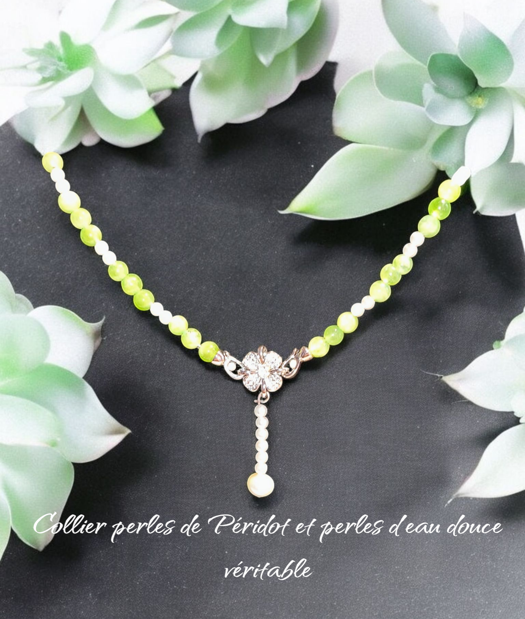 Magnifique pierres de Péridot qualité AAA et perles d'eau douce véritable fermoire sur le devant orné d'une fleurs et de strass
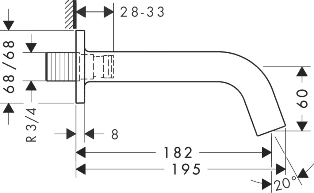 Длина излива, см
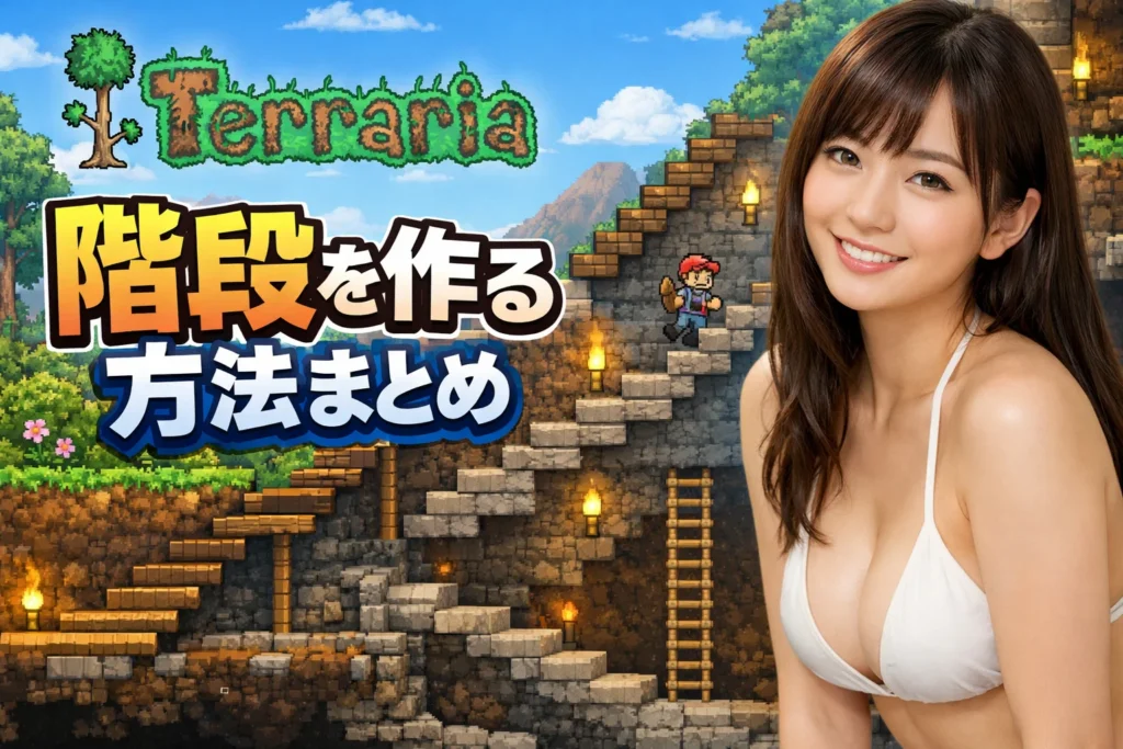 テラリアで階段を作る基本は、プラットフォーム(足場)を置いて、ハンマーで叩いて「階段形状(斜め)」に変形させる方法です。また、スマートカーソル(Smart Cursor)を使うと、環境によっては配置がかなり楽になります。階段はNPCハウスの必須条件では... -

==

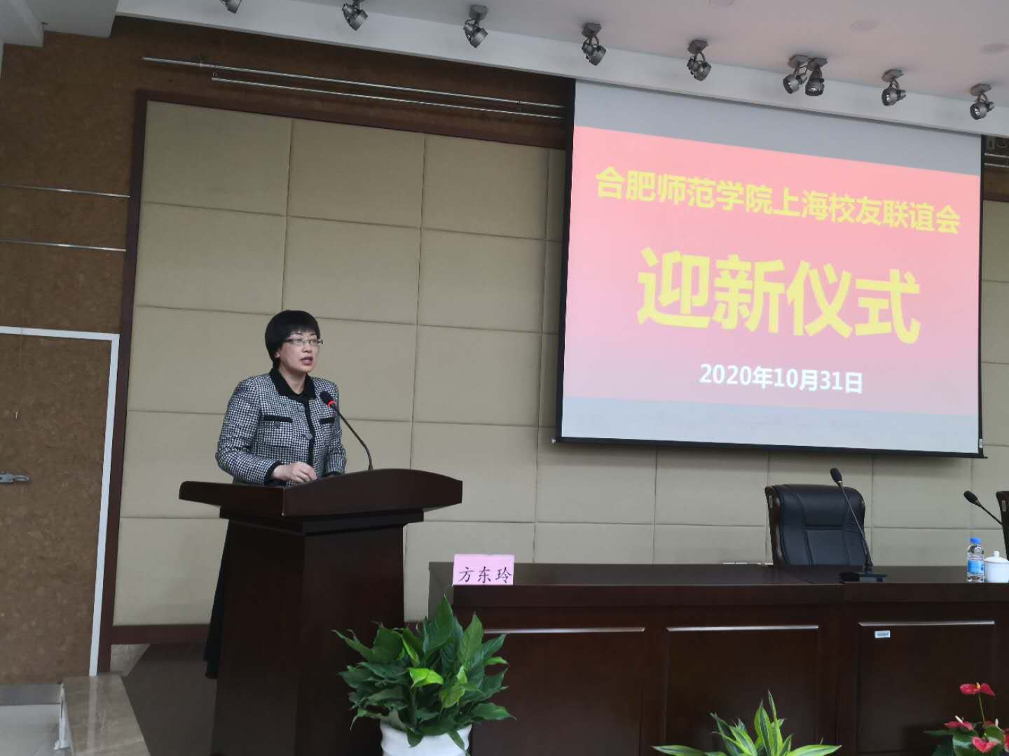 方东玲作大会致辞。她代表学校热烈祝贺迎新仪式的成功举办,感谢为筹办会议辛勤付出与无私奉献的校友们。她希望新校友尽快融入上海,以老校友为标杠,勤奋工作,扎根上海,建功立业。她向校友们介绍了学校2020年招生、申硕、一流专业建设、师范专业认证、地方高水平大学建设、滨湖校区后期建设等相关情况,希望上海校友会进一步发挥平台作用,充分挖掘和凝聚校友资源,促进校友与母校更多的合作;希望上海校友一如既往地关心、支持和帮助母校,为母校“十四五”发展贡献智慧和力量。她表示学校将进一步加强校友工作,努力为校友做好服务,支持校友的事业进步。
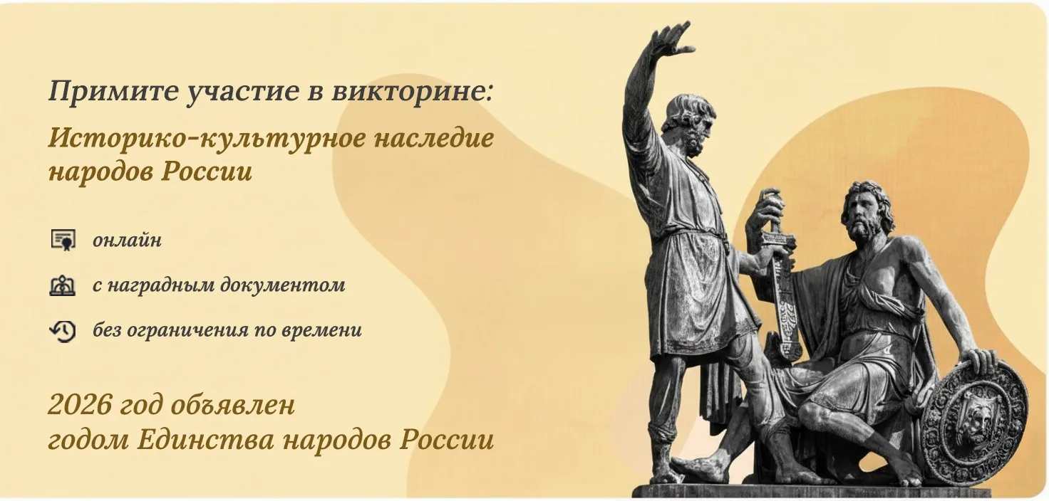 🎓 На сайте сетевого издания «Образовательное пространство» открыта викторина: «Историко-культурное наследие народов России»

Exercise instructions ▸ Only the lines above starting with the line with "方东玲作大会致辞。她代表学校" and going on through the line with "На сайте сетевого" belong in the answer; repeat them exactly, minus any picture.

Solved exercise ▸
 方东玲作大会致辞。她代表学校热烈祝贺迎新仪式的成功举办,感谢为筹办会议辛勤付出与无私奉献的校友们。她希望新校友尽快融入上海,以老校友为标杠,勤奋工作,扎根上海,建功立业。她向校友们介绍了学校2020年招生、申硕、一流专业建设、师范专业认证、地方高水平大学建设、滨湖校区后期建设等相关情况,希望上海校友会进一步发挥平台作用,充分挖掘和凝聚校友资源,促进校友与母校更多的合作;希望上海校友一如既往地关心、支持和帮助母校,为母校“十四五”发展贡献智慧和力量。她表示学校将进一步加强校友工作,努力为校友做好服务,支持校友的事业进步。
 🎓 На сайте сетевого издания «Образовательное пространство» открыта викторина: «Историко-культурное наследие народов России»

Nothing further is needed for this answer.